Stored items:
+===+
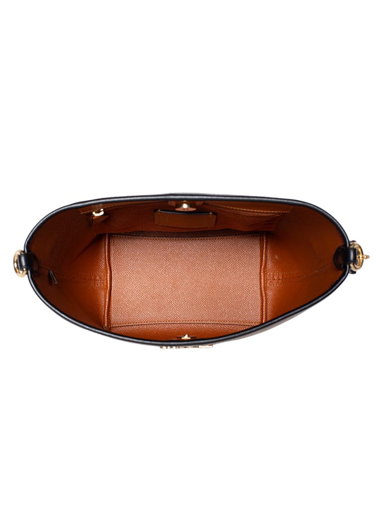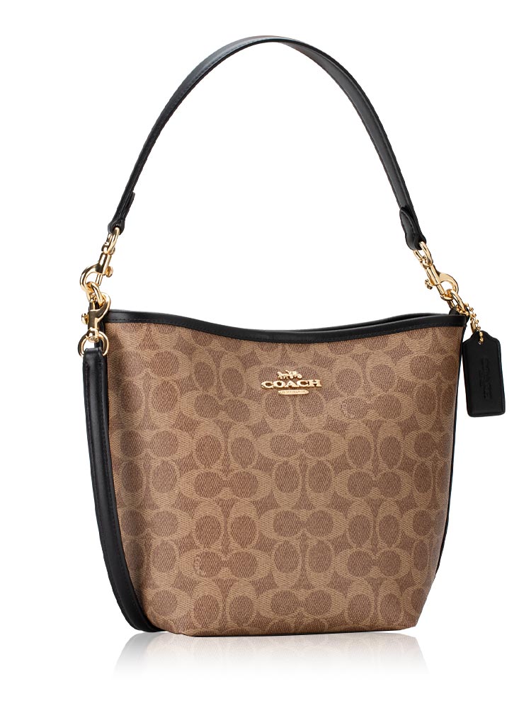 Made of signature coated canvas and smooth leather. The bag features a magnetic snap closure that opens to crossgrain leather and fabric lining with interior one zip pocket.
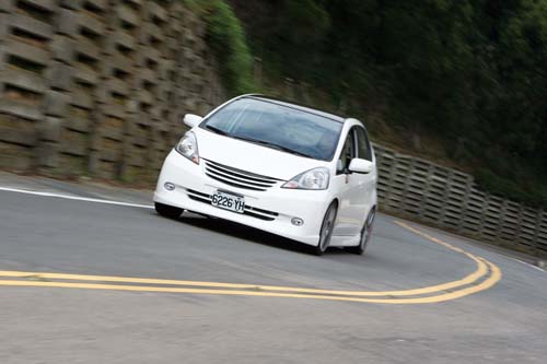 這次龍穎一口氣推出Fit與Swift這兩款車專用的滾動幾何補正和尚頭與轉向補正方向舵桿,而這次實際安裝測試的車款為一輛改裝幅度頗大的VIP式樣Honda Fit,該車安裝了Work 18吋大鋁圈及Nashin六活塞卡鉗,配上338mm的大碟盤,車身高度也降到一拜,視覺效果相當有張力。而此車安裝了一組風評頗佳的改裝避震器,但也許是車為了視覺效果將車高降至一拜又怕輪胎磨到輪拱之故,實際駕駛此車發現阻尼非常的硬朗,彈跳也頗明顯。
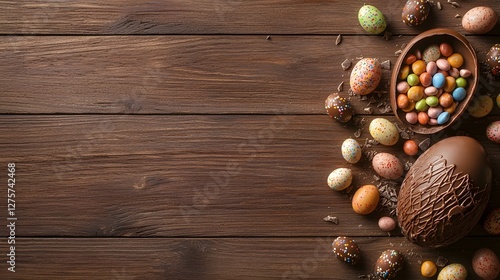 Close up of a cracked open chocolate Easter egg revealing a vibrant assortment of colorful candies nestled inside placed on a rustic wooden table with negative space for text or design elements
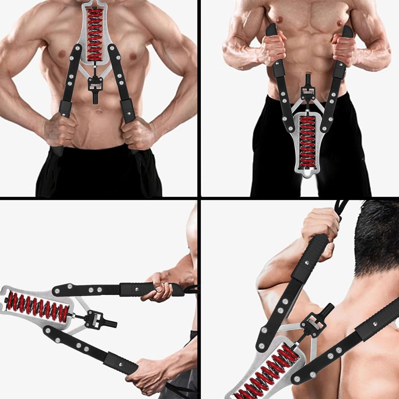 أمسك الجهاز بالمقبضين وابدأ بالضغط لتقوية عضلات الجزء العلوي
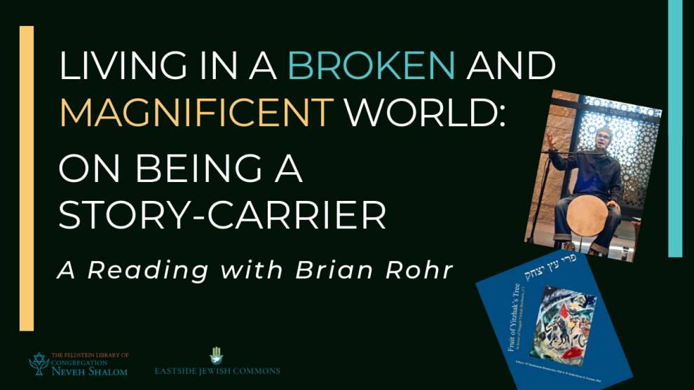 What stories do we carry? How do we use stories in our lives? Storyteller Brian Rohr will read his essay “On Being a Story-Carrier” recently published in the new two-volume book set, P’ri Etz Yitzhak, Fruit of Yitzhak’s Tree, created in memory of influential storyteller and teacher Maggid Yitzhak Buxbaum, z”l. The book set contains over 600 pages of essays, stories, and original art all on the theme and practice of Jewish Storytelling. Rohr’s essay specifically explores what it means to be a “story-carrier” – something that each of us already are – and the importance of being conscious of which stories we choose to carry. There will be time for a Q&A after the reading of the essay. Wine and light snacks will be served.
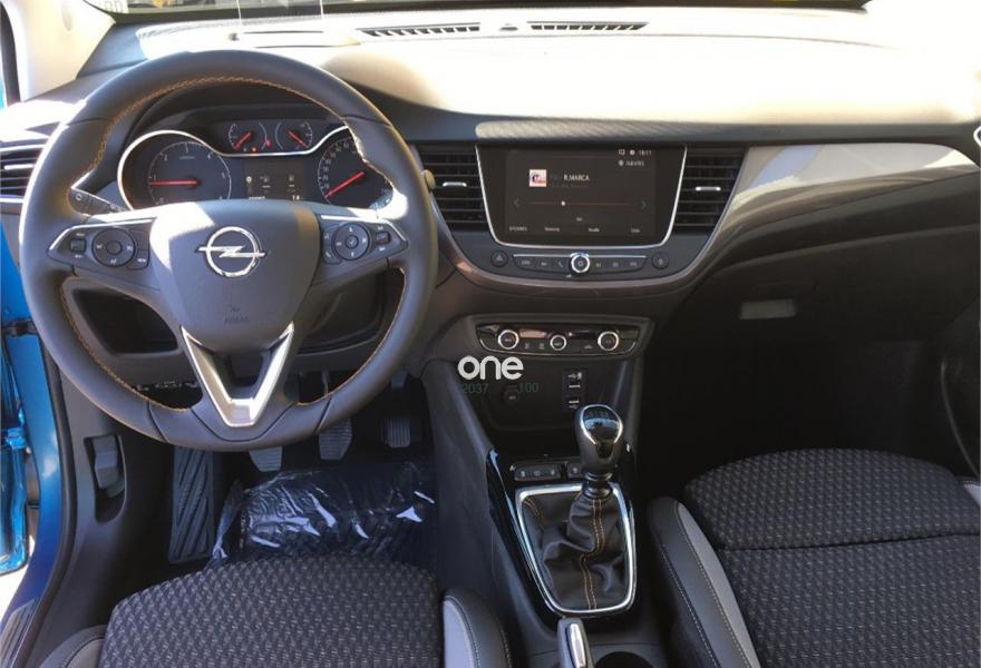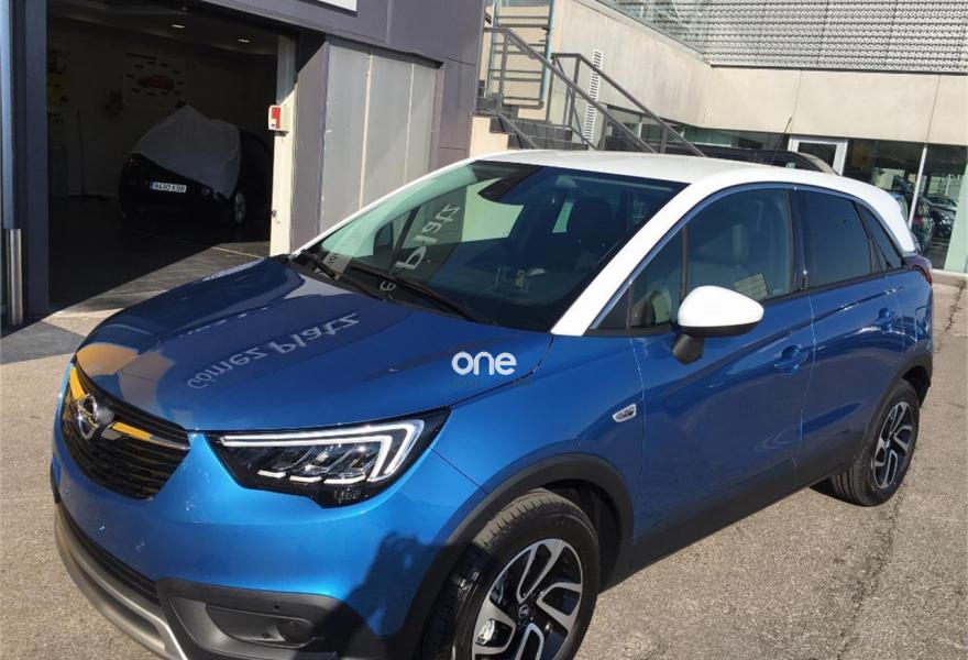 OPEL Crossland X, Gasolina, año 2018, 100 kilómetros, color Azul (techo blanco excellence 110 CV gasolina) metalizado, precio 17295€. Tapicería Morrocana "Florey" con asientos ergonómicos con certificación AGR para conductor y acompañante,Sistema de Apertura y Arranque sin llave Open & Start,Azul Bahía (metalizado),Pintura metalizada,Rueda de repuesto 16". Concesionario oficial OPEL,perteneciente al grupo Motor Gomez,Audi,Seat,Volkswagen,Kia,Skoda,Suzuki,Toyota,BMW,Mini,Peugeot.
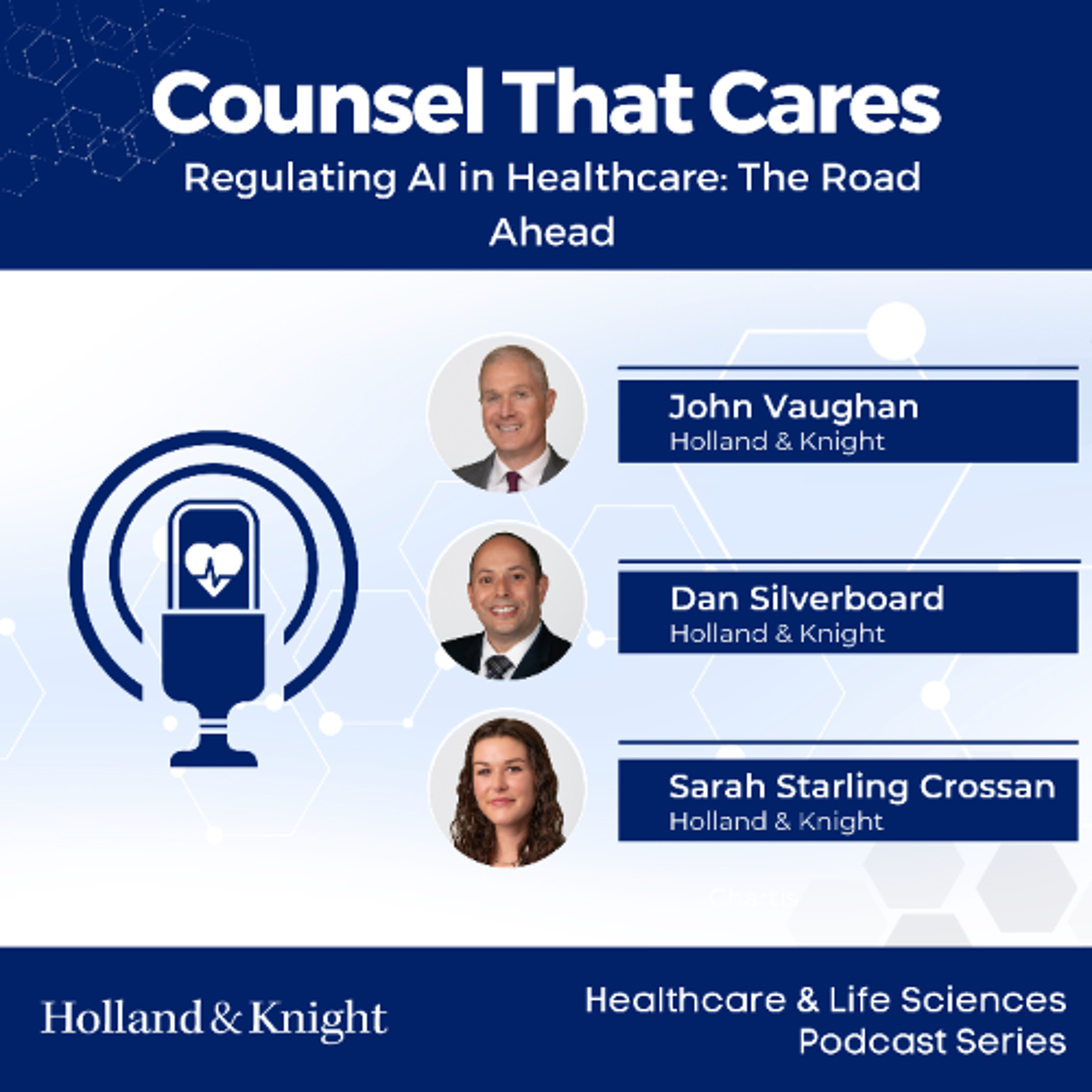 In this episode of "Counsel That Cares," Public Policy & Regulation attorney John Vaughan, Healthcare attorney Dan Silverboard and Public Affairs Advisor Sarah Starling Crossan discuss the rapidly evolving landscape of artificial intelligence (AI) regulation in the healthcare industry. They explore the complex interplay between federal initiatives, such as executive orders and agency rules, and the surge of state-level legislation shaping AI use in clinical practice, insurance and patient care. The conversation highlights key compliance challenges, including the need for AI governance programs, bias audits, data quality assurance and transparency with patients. Listeners will gain valuable insights into navigating disparate regulations across jurisdictions and the importance of staying informed to responsibly implement AI technologies in the healthcare sector.
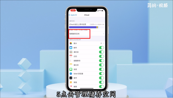 5.点按“管理储存空间”来管理iCloud储存空间。
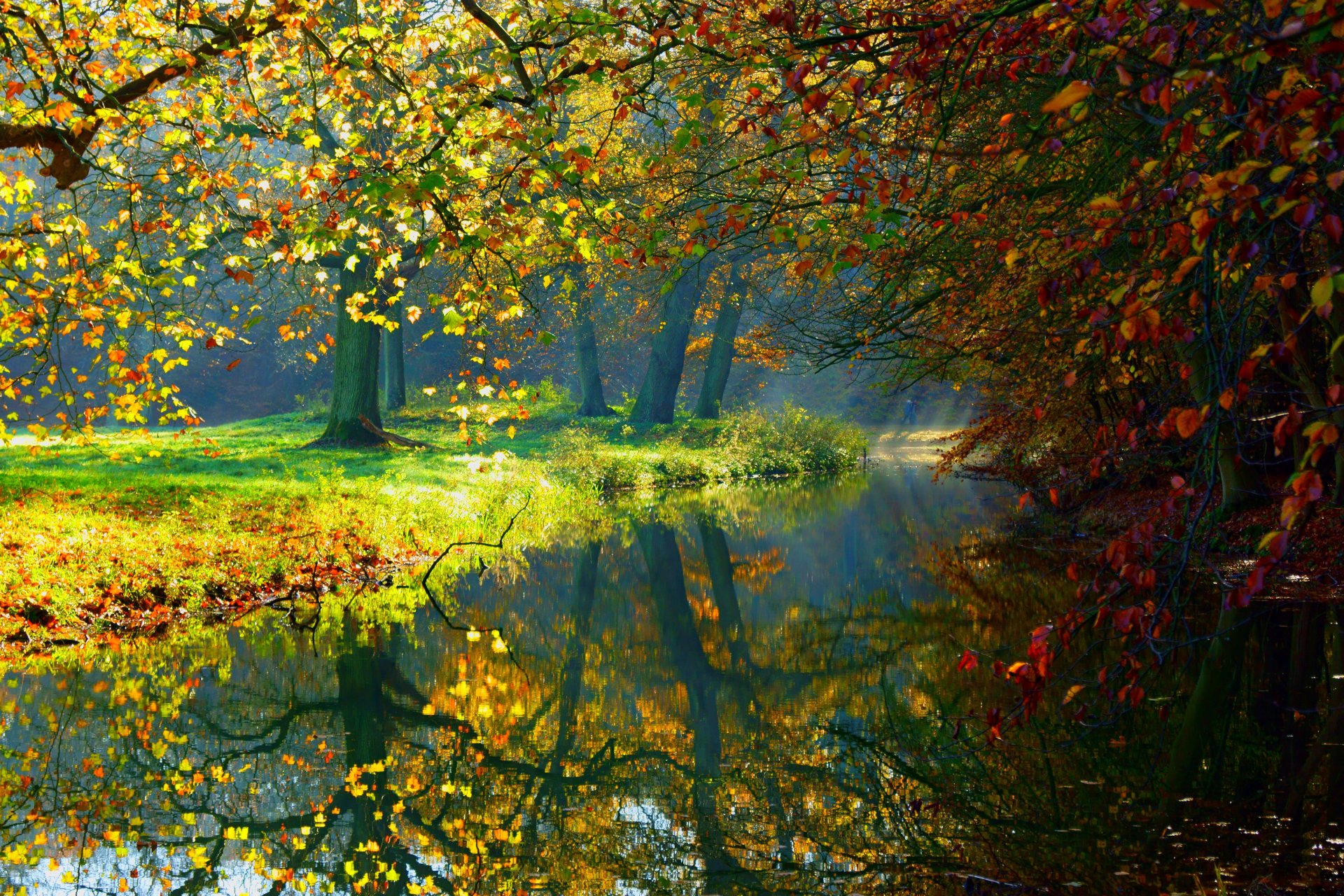 Natura autunnale con colline e stagno
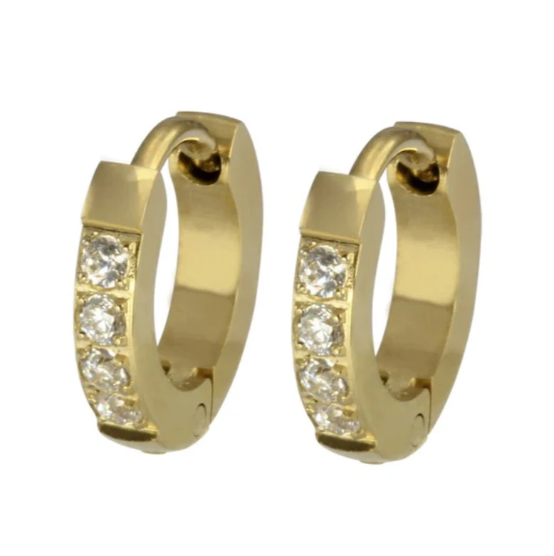 Náušnice malé kroužky z chirurgické oceli. Náušnice jsou ozdobené třpytivým zirkony. povrch náušnic je pozlacený technologií PVD. Vnější průměr náušnic 10mm, vnitřní průměr 7mm. Šířka náušnic 2mm. Cena je uvedena za pár.
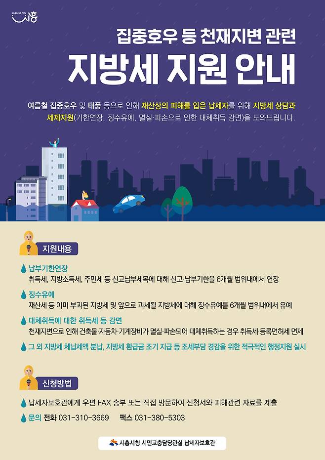 지방세 지원을 받고자 하는 시민은 피해사실확인서 등 관련 서류를 첨부해 시흥시청 납세자보호관(031-310-3669)이나 시흥시청 세정과 및 징수과로 신청하면 된다.
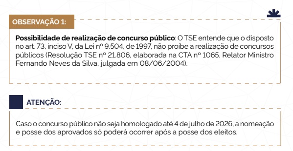 As orientações do Tribunal Superior Eleitoral (TSE) reforçam que a realização de concursos segue liberada, inclusive em períodos próximos ao pleito.
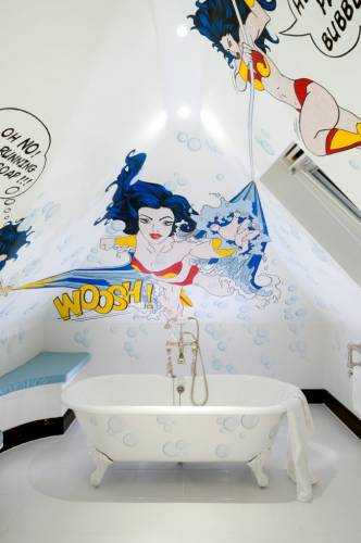Оригинальное решение: комиксы на стенах и потолке ванной комнаты
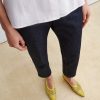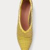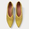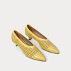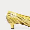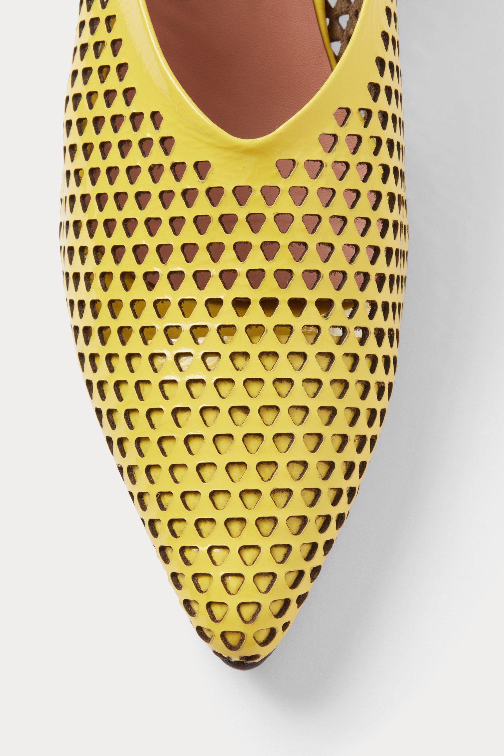 Pointed-toe kitten heel with a perforated triangular design on crinkle patent leather that conforms elegantly to the foot.
+===+
Each entry should be repeated exactly as it appears; the pictures stay out.

 Made of signature coated canvas and smooth leather. The bag features a magnetic snap closure that opens to crossgrain leather and fabric lining with interior one zip pocket.
 這次龍穎一口氣推出Fit與Swift這兩款車專用的滾動幾何補正和尚頭與轉向補正方向舵桿,而這次實際安裝測試的車款為一輛改裝幅度頗大的VIP式樣Honda Fit,該車安裝了Work 18吋大鋁圈及Nashin六活塞卡鉗,配上338mm的大碟盤,車身高度也降到一拜,視覺效果相當有張力。而此車安裝了一組風評頗佳的改裝避震器,但也許是車為了視覺效果將車高降至一拜又怕輪胎磨到輪拱之故,實際駕駛此車發現阻尼非常的硬朗,彈跳也頗明顯。
 Close up of a cracked open chocolate Easter egg revealing a vibrant assortment of colorful candies nestled inside placed on a rustic wooden table with negative space for text or design elements
 أمسك الجهاز بالمقبضين وابدأ بالضغط لتقوية عضلات الجزء العلوي
 What stories do we carry? How do we use stories in our lives? Storyteller Brian Rohr will read his essay “On Being a Story-Carrier” recently published in the new two-volume book set, P’ri Etz Yitzhak, Fruit of Yitzhak’s Tree, created in memory of influential storyteller and teacher Maggid Yitzhak Buxbaum, z”l. The book set contains over 600 pages of essays, stories, and original art all on the theme and practice of Jewish Storytelling. Rohr’s essay specifically explores what it means to be a “story-carrier” – something that each of us already are – and the importance of being conscious of which stories we choose to carry. There will be time for a Q&A after the reading of the essay. Wine and light snacks will be served.
 OPEL Crossland X, Gasolina, año 2018, 100 kilómetros, color Azul (techo blanco excellence 110 CV gasolina) metalizado, precio 17295€. Tapicería Morrocana "Florey" con asientos ergonómicos con certificación AGR para conductor y acompañante,Sistema de Apertura y Arranque sin llave Open & Start,Azul Bahía (metalizado),Pintura metalizada,Rueda de repuesto 16". Concesionario oficial OPEL,perteneciente al grupo Motor Gomez,Audi,Seat,Volkswagen,Kia,Skoda,Suzuki,Toyota,BMW,Mini,Peugeot.
 In this episode of "Counsel That Cares," Public Policy & Regulation attorney John Vaughan, Healthcare attorney Dan Silverboard and Public Affairs Advisor Sarah Starling Crossan discuss the rapidly evolving landscape of artificial intelligence (AI) regulation in the healthcare industry. They explore the complex interplay between federal initiatives, such as executive orders and agency rules, and the surge of state-level legislation shaping AI use in clinical practice, insurance and patient care. The conversation highlights key compliance challenges, including the need for AI governance programs, bias audits, data quality assurance and transparency with patients. Listeners will gain valuable insights into navigating disparate regulations across jurisdictions and the importance of staying informed to responsibly implement AI technologies in the healthcare sector.
 5.点按“管理储存空间”来管理iCloud储存空间。
 Natura autunnale con colline e stagno
 Náušnice malé kroužky z chirurgické oceli. Náušnice jsou ozdobené třpytivým zirkony. povrch náušnic je pozlacený technologií PVD. Vnější průměr náušnic 10mm, vnitřní průměr 7mm. Šířka náušnic 2mm. Cena je uvedena za pár.
 지방세 지원을 받고자 하는 시민은 피해사실확인서 등 관련 서류를 첨부해 시흥시청 납세자보호관(031-310-3669)이나 시흥시청 세정과 및 징수과로 신청하면 된다.
 As orientações do Tribunal Superior Eleitoral (TSE) reforçam que a realização de concursos segue liberada, inclusive em períodos próximos ao pleito.
Оригинальное решение: комиксы на стенах и потолке ванной комнаты
 Pointed-toe kitten heel with a perforated triangular design on crinkle patent leather that conforms elegantly to the foot.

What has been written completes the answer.